Video Unsupervised Domain Adaptation with Deep Learning: A Comprehensive Survey
Yuecong Xu, Haozhi Cao, Zhenghua Chen, Xiaoli Li, Lihua Xie, Jianfei Yang
TL;DR
Video unsupervised domain adaptation (VUDA) tackles domain shifts between labeled source videos and unlabeled target videos to improve generalization without target annotations. The survey categorizes closed-set VUDA methods into adversarial, discrepancy-based, semantic-based, reconstruction-based, and composite families, and reviews non-closed-set scenarios (PVDA, OSVDA, MSVDA, SFVDA, BVDA, VTTA, UI2V) with their respective techniques.

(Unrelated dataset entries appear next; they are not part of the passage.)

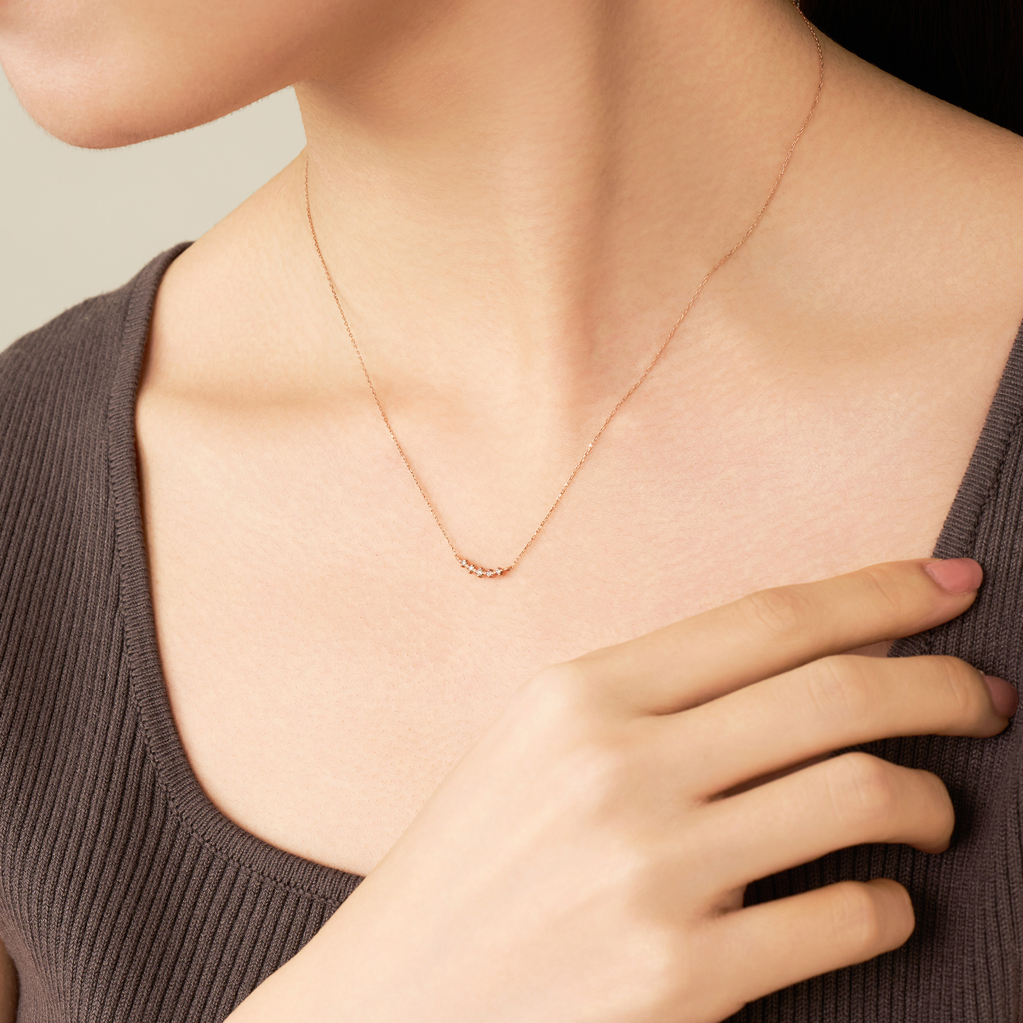 艶やかなピンクゴールドが胸元に女性らしさをプラス。
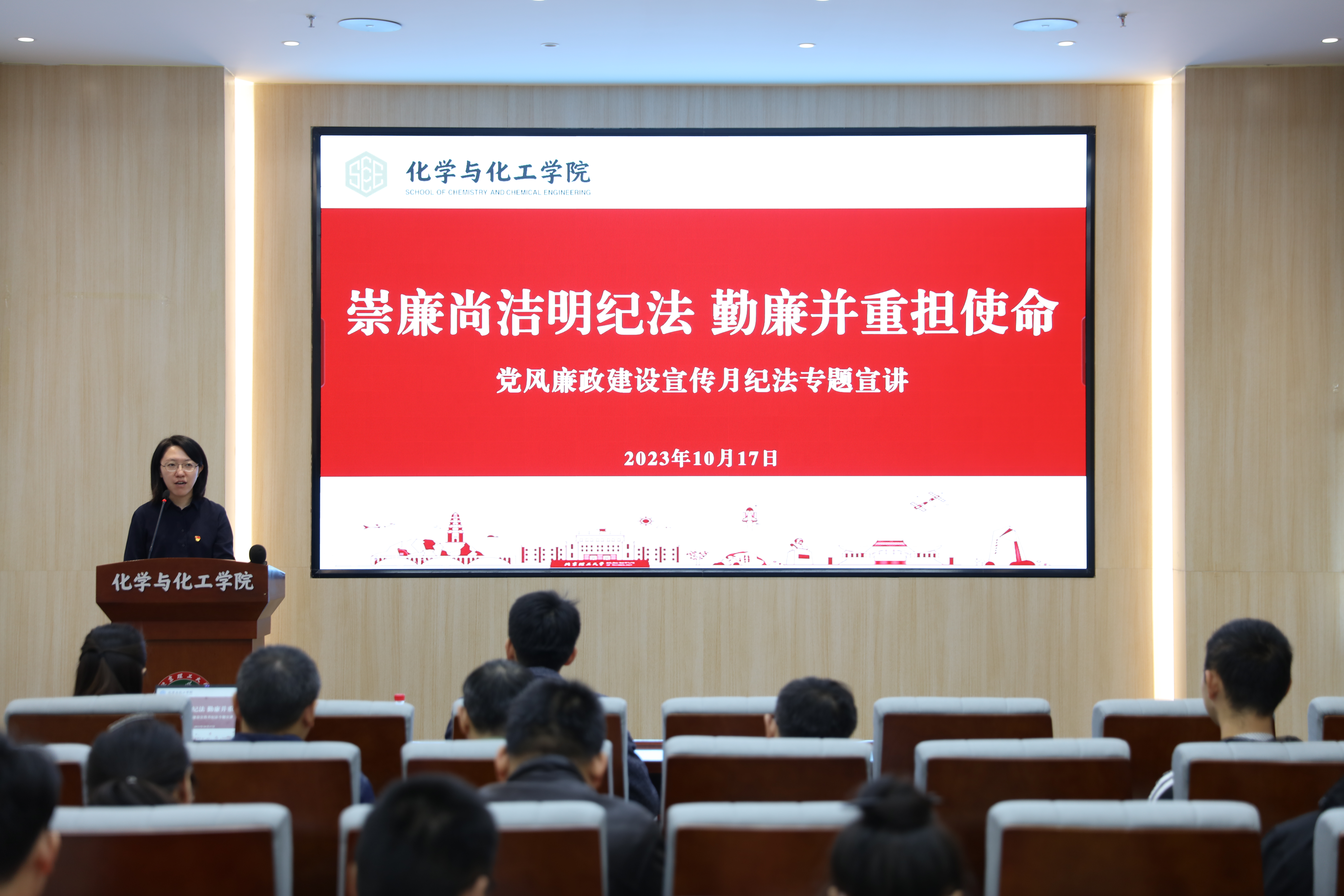 10月17日上午,学院党委邀请纪委第一监督检察室主任胡雪娜为全体党支部纪检委员做纪法专题宣讲。胡主任介绍了开展党风廉政建设宣传月的目的与意义。为大家梳理了相关的纪与法,并通过生活中的真实案例详细解读了《中国共产党纪律处分条例》和《中央八项规定》。在教育全体师生知敬畏、存戒惧、守底线的同时,希望大家保护好自己与身边人的利益。
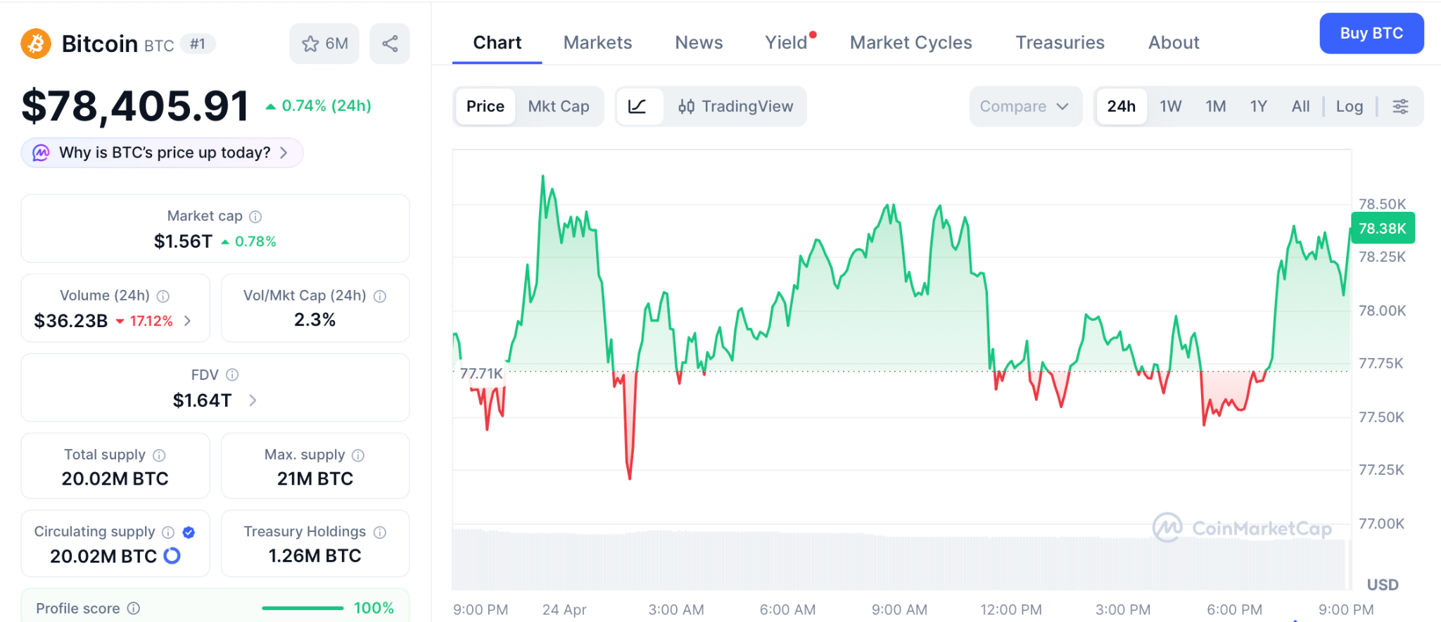 4月24日比特币稳守78,405美元附近,此前CoinDesk报道该价位上方有超1.8亿美元空头头寸遭清算。BTC市值已近1.5万亿美元,这意味着即使攀升至10万美元,回报率也仅为28%。
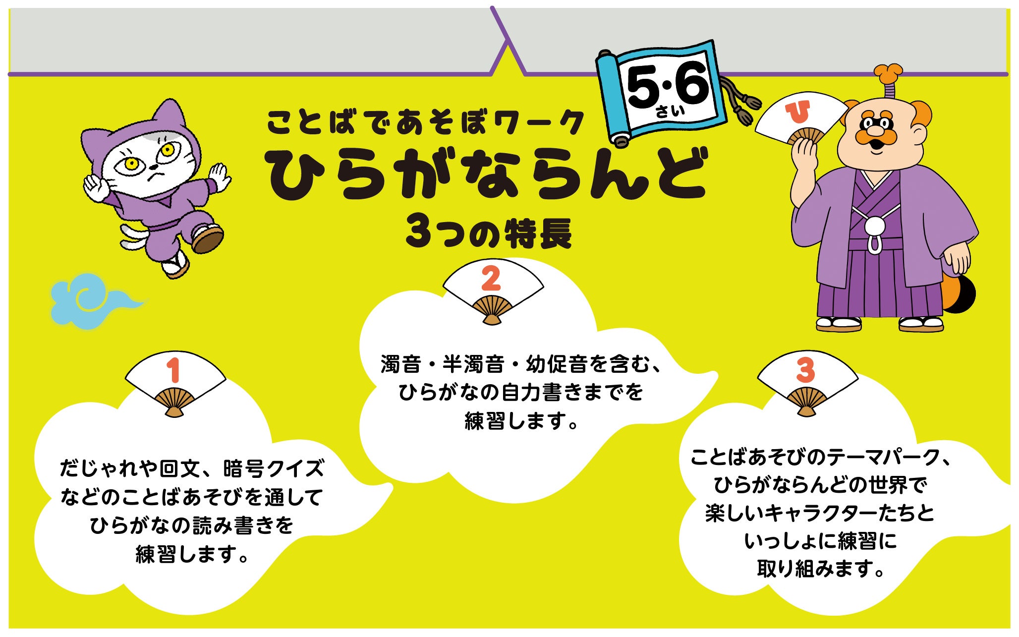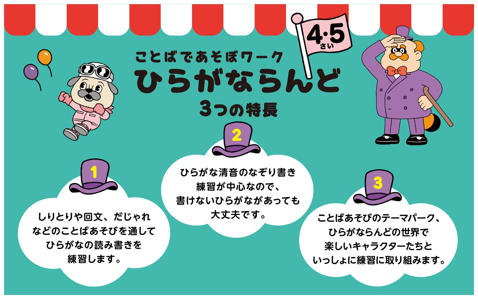 「言葉の楽しさに触れながら、最後まで楽しく続けられるワークがほしい」という声から生まれたシリーズ『ことばであそぼワーク ひらがならんど』は、ひらがなの読み書きを始めたお子さまが、言葉の楽しさに触れながらひらがなを学べるワークブックです。
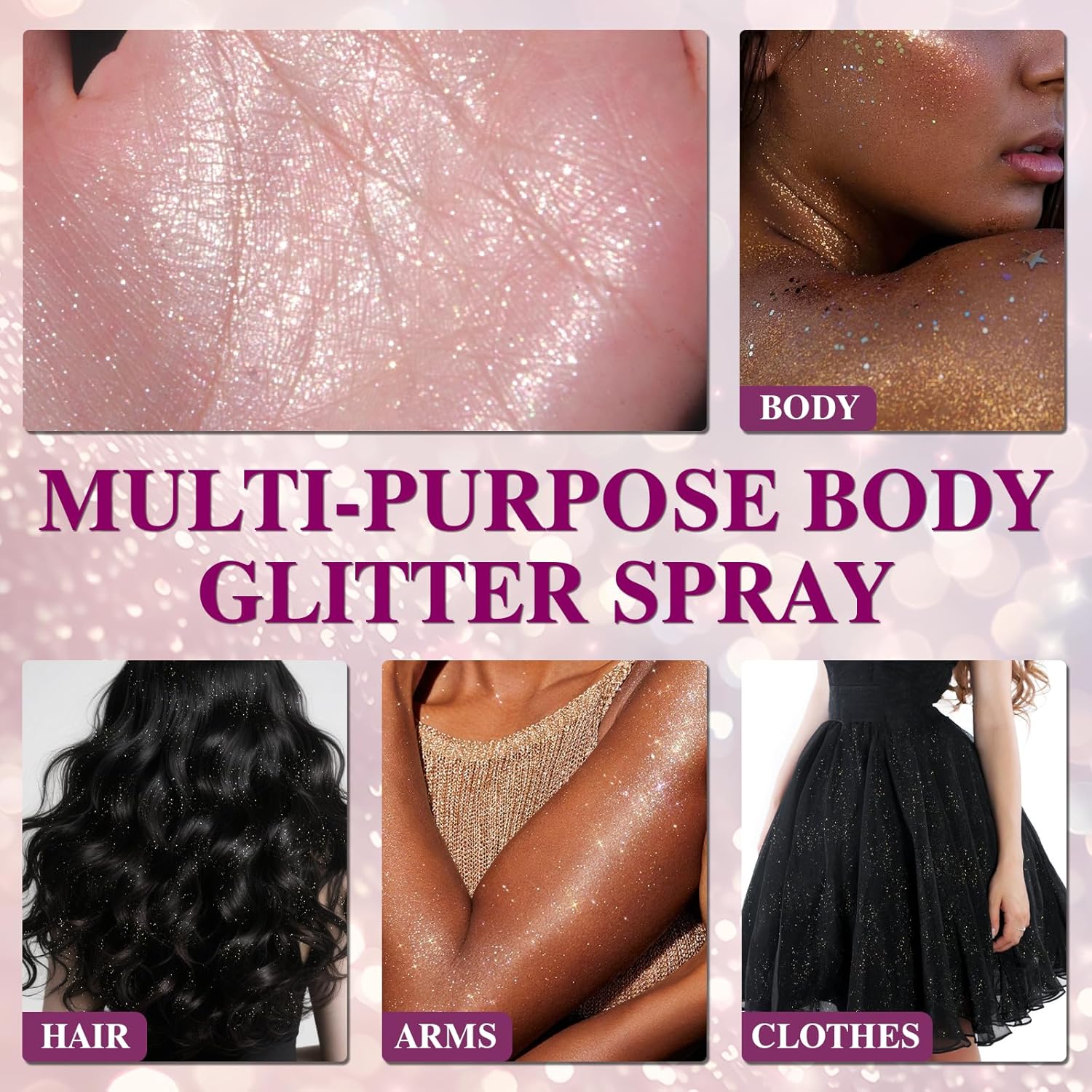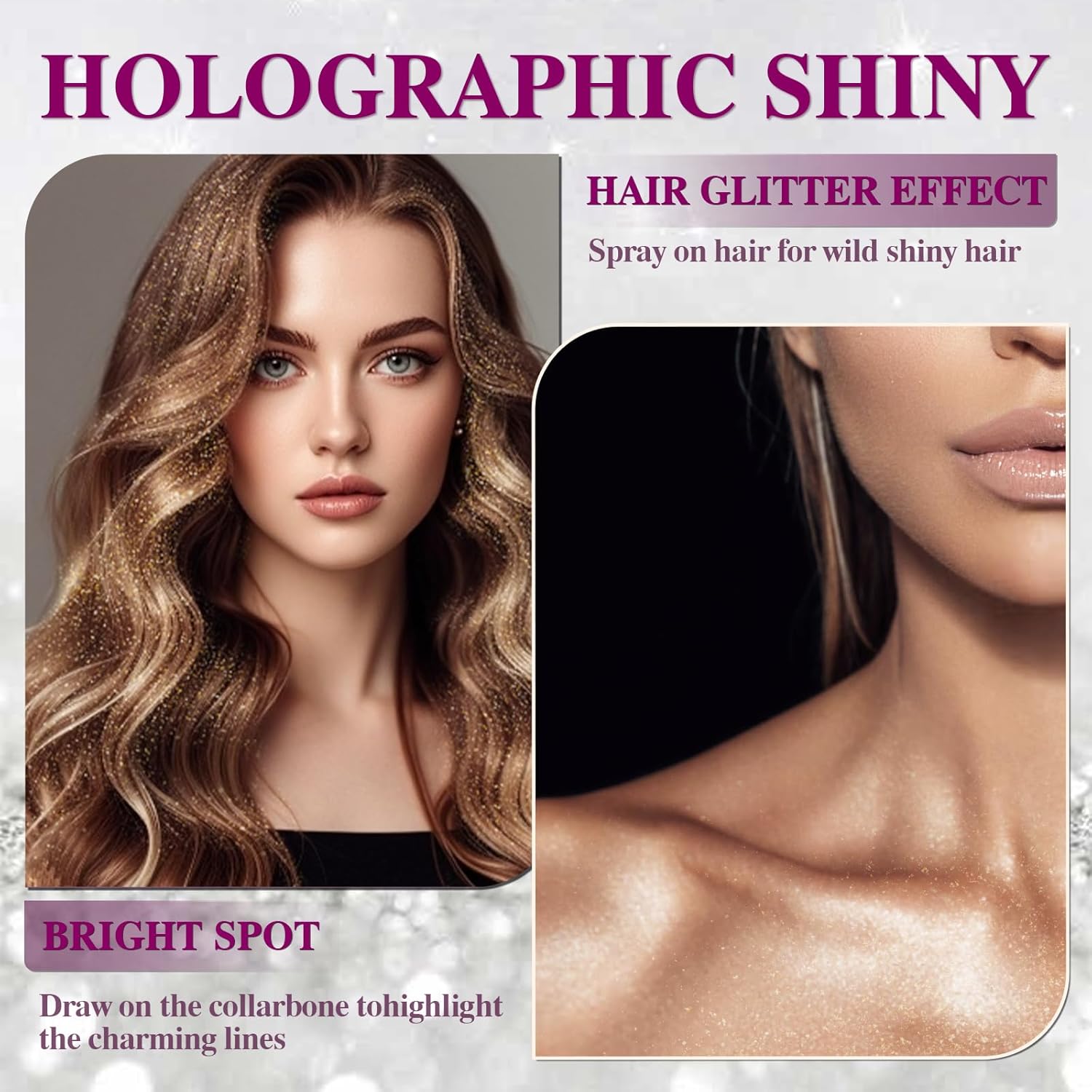 • 【Highlight Body Glitter Spray】Body glitter spray is the perfect for your hairstyle and makeup routine. Perfectly prepared for festivals, clubs, parties, raves, costumes, and themed events.

It catalogues a wide range of benchmark datasets spanning primary, larger-shift, partial-set, multi-domain, VDG, and cross-domain video semantic segmentation tasks, and discusses backbone choices and their impact on performance. The authors identify practical challenges—multi-modality handling, privacy, and lack of theoretical VUDA grounding—and propose directions around transformer-based backbones, language-vision models, and expanded VUDA scenarios to enhance real-world applicability.
Abstract
Video analysis tasks such as action recognition have received increasing research interest with growing applications in fields such as smart healthcare, thanks to the introduction of large-scale datasets and deep learning-based representations. However, video models trained on existing datasets suffer from significant performance degradation when deployed directly to real-world applications due to domain shifts between the training public video datasets (source video domains) and real-world videos (target video domains). Further, with the high cost of video annotation, it is more practical to use unlabeled videos for training. To tackle performance degradation and address concerns in high video annotation cost uniformly, the video unsupervised domain adaptation (VUDA) is introduced to adapt video models from the labeled source domain to the unlabeled target domain by alleviating video domain shift, improving the generalizability and portability of video models. This paper surveys recent progress in VUDA with deep learning. We begin with the motivation of VUDA, followed by its definition, and recent progress of methods for both closed-set VUDA and VUDA under different scenarios, and current benchmark datasets for VUDA research. Eventually, future directions are provided to promote further VUDA research. The repository of this survey is provided at https://github.com/xuyu0010/awesome-video-domain-adaptation.